Matt Goodfellow is an award-winning poet from Manchester. He spent over ten years working as a primary school teacher before embarking on his poetry career. He is a National Poetry Day Ambassador and spends his time visiting schools, libraries and festivals where his inspiring performances and workshops open new doors to poetry for both children and adults.

Rebecca O’Connor: Falling in love with poetry: The Caterpillar Poetry Prize 2021

Falling in love with poetry: The Caterpillar Poetry Prize 2021

I fell in love with poetry when my aunt and uncle gave me a gift of Enid Blyton’s Treasury of Verse for my seventh birthday. At the age of eight, I started to write. Though the inspiration ebbs and flows, it has been a constant in my life. But only on a couple of occasions have I attempted to write for children. I am amply qualified, you’d think, as a parent and a published poet and an editor of a literature magazine for children – but it was so much more difficult than I could have imagined.
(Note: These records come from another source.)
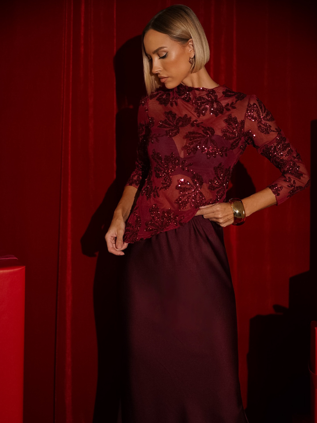 Bordó společenský třpytivý top QUASTEL s dlouhým rukávem
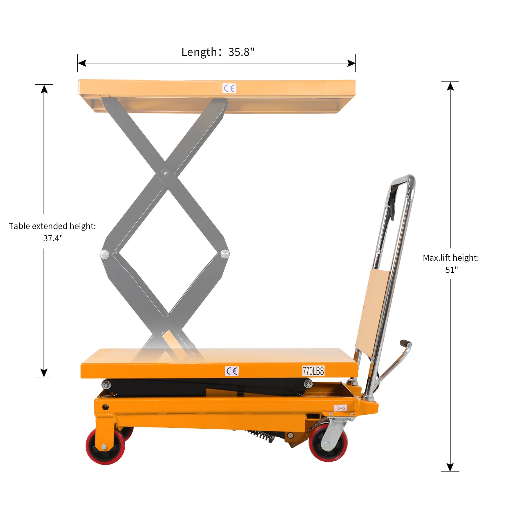 - Table Max.lifting height: 51"
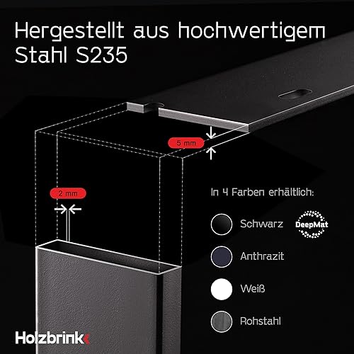 HOLZBRINK Tischbeine Metall Rohstahl mit Klarlack | Tischkufen/Tischgestell für Couchtisch, Esstisch, Schreibtisch, Sitzbank | 2 Stück Möbelfüße 40 x 43 cm
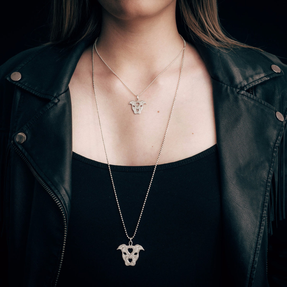 This Medium Silver Staffy Pendant Necklace from the Tattoo Candy collection by Cartergore is tailored to your individuality with its unique edge. This piece allows you to build your own personal story, making a statement that is as hard to define as you are. The staffy pendant is a tribute to the beloved dog breed, symbolizing loyalty and companionship, making it a meaningful accessory.
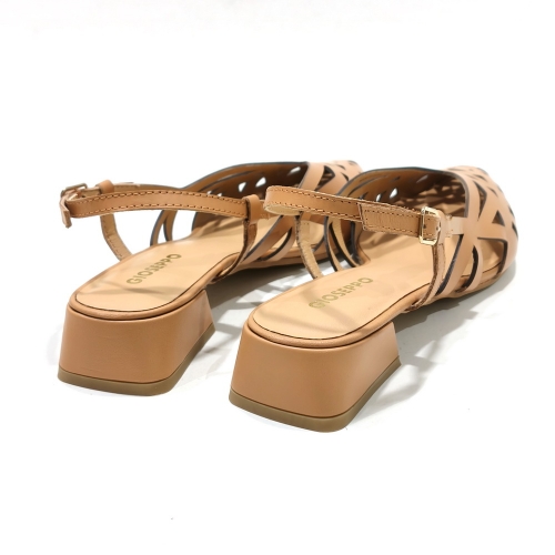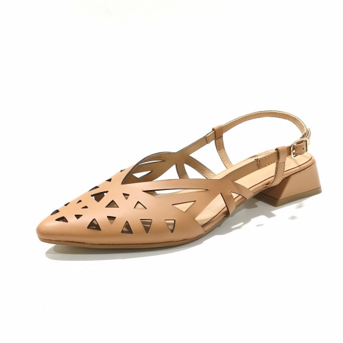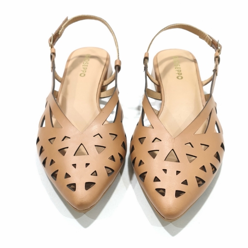 Zapato descubierto de talón, fabricado en piel troquelada, con suela de goma
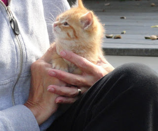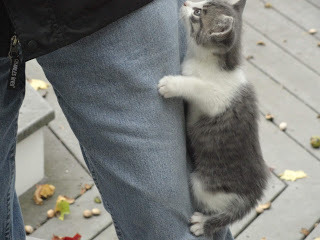 P. S. Update: The mother cat came to the rescue, at least temporarily. She lured the kittens back under the deck by dangling a chipmunkfrom her mouth.A cute little baby chipmunk.

This has given me a real appreciation for the ones who get it right. They make it look so easy, that’s the thing. But you have to have all the right attributes – a gift for music, a riotous imagination and an ability to connect with children, not speak down to them. A sense of humour doesn’t hurt either. But nor is it any harm to go to places that are less than comfortable, to write of loneliness or anxiety. The rest of course is just hard graft. And that’s where I see a lot of poets fall down. They just haven’t put the work in. It seems so obvious, but a poem for a child should be just as good as one written for adults. It should require drafting and redrafting. Relying solely on a bouncy rhyme to carry your reader along isn’t going to cut the mustard. We shouldn’t underestimate the child as reader. They are much harsher critics than adults. They know what they like, and they can see through a fake. The really good poets know that.
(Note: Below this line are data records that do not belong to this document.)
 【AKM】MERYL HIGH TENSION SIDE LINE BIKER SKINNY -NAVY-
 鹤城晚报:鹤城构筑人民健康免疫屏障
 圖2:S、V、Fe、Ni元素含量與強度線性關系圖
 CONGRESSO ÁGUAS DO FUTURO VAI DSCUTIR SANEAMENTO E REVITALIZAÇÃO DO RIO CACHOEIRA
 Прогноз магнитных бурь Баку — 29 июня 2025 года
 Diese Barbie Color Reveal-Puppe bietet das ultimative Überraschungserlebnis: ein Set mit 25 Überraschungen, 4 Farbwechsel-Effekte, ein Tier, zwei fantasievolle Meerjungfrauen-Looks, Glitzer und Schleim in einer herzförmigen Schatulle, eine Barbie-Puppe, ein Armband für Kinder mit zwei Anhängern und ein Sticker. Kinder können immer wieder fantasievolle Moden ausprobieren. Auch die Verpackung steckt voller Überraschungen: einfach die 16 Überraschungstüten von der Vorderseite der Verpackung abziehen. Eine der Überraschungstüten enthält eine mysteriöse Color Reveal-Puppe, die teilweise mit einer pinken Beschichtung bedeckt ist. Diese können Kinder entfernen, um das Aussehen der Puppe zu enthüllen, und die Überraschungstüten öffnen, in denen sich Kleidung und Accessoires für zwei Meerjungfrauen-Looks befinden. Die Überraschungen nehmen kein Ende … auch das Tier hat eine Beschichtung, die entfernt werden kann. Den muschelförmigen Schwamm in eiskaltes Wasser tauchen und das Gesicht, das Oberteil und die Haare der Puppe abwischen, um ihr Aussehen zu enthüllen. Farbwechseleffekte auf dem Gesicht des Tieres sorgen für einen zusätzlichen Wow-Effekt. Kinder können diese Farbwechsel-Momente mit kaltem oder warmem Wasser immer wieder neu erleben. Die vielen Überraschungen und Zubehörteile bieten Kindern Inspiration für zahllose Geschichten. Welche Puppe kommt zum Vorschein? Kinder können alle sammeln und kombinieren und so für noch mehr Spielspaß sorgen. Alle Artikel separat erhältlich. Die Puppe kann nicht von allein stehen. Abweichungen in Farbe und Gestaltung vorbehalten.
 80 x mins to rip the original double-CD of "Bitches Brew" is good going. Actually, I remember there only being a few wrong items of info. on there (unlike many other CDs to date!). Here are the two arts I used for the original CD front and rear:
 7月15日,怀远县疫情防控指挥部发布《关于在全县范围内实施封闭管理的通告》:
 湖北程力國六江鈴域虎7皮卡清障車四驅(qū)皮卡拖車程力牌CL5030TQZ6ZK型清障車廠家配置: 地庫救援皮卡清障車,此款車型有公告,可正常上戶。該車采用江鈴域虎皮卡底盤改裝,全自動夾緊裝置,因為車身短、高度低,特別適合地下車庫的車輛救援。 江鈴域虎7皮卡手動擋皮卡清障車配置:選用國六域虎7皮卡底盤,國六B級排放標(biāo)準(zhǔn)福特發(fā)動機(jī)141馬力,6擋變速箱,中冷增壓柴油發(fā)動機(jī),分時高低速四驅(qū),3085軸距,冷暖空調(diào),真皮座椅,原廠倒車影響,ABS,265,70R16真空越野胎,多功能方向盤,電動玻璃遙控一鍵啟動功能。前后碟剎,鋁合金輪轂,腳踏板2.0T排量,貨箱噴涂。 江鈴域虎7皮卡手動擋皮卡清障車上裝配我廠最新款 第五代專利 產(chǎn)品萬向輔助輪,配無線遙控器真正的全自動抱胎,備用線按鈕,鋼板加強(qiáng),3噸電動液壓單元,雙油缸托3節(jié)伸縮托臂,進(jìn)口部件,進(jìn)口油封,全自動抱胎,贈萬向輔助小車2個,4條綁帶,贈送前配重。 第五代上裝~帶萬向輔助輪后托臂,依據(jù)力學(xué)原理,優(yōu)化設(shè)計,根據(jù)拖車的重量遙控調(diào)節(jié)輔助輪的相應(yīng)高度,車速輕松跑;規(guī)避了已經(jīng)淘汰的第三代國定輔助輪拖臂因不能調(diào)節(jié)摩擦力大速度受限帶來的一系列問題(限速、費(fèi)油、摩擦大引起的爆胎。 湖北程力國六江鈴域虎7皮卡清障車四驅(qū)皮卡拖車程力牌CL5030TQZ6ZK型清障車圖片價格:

Ultimately, my attempts to write for children failed – the tone wasn’t right, I couldn’t make the lines sing – but I’m happy I tried. Perhaps I was too conscious of the fact that I was writing for children, wasn’t able to put that aside, or put my adult self aside. It does seem that some people have an ability to keep one foot in childhood, and they can tap into that part of themselves when they write. My husband Will certainly has it. He can make up truly captivating stories for our children at the drop of a hat, and has done so nightly for many years. None of them have been set down on paper or recorded, but they live in our children.
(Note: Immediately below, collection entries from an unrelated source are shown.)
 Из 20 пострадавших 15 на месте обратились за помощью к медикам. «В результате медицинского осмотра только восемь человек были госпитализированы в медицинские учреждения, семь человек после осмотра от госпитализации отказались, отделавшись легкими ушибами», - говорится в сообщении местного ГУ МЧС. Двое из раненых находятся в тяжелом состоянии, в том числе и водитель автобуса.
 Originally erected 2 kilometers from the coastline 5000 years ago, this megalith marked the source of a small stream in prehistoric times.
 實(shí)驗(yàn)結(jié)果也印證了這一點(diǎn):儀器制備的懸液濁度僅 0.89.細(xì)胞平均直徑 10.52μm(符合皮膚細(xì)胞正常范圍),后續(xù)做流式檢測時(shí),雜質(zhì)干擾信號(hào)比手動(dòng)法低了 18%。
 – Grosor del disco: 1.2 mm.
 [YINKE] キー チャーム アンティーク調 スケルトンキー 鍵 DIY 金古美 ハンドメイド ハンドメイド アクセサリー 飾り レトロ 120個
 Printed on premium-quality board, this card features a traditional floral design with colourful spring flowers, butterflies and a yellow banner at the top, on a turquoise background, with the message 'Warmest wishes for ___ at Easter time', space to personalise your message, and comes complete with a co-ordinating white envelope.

It makes me so happy as an editor when I come across a poem that is like a beacon in the night – like Louise Greig’s Caterpillar prizewinning poem ‘Don’t Think of an Elephant’. ‘He thought of the sea. / And the sea is a big thought. / It took up a great deal of room in his head. / But he learned a lot. / He learned that the octopus / has a memory, and that whales / feel emotions, but when / he put this to his mother / she bent her head. / Don’t think of an elephant, she said.

Or a poem like Sarah Ziman’s ‘Faux pas’, which wittily portrays the mortification a child feels when she accidentally calls her teacher ‘Mum’, or the boundless humour in a poem by Julia Anna Douglas or Laura Mucha, or the philosophical ponderings of Robert Schechter.

The winner of this year’s Caterpillar Poetry Prize, by Christine McBeth – ‘a powerful piece of writing, a poem that everyone should read,’ according to the judge Michael Morpurgo – is a poem about the fate of our marine environment.

The drunkenness of things being various, that’s the thing. What you can write about for children is boundless. It’s not just monsters under the bed and worm sandwiches.

Rebecca O’Connor

Rebecca lives in rural Ireland, where she edits and designs The Moth and The Caterpillar magazines and runs several literary prizes, including The Caterpillar Poetry Prize. Her debut poetry collection We’ll Sing Blackbird was shortlisted for the Irish Times Shine Strong Award and she is the recipient of a Geoffrey Dearmer Prize. Her poetry has been published in the GuardianPoetry ReviewThe Spectator and elsewhere and was recently shortlisted for the Montreal Poetry Prize.  Her debut novel, He Is Mine and I Have No Other (‘Eerie, tender and wonderful,’ according to Sophie Mackintosh), was published by Canongate in 2018.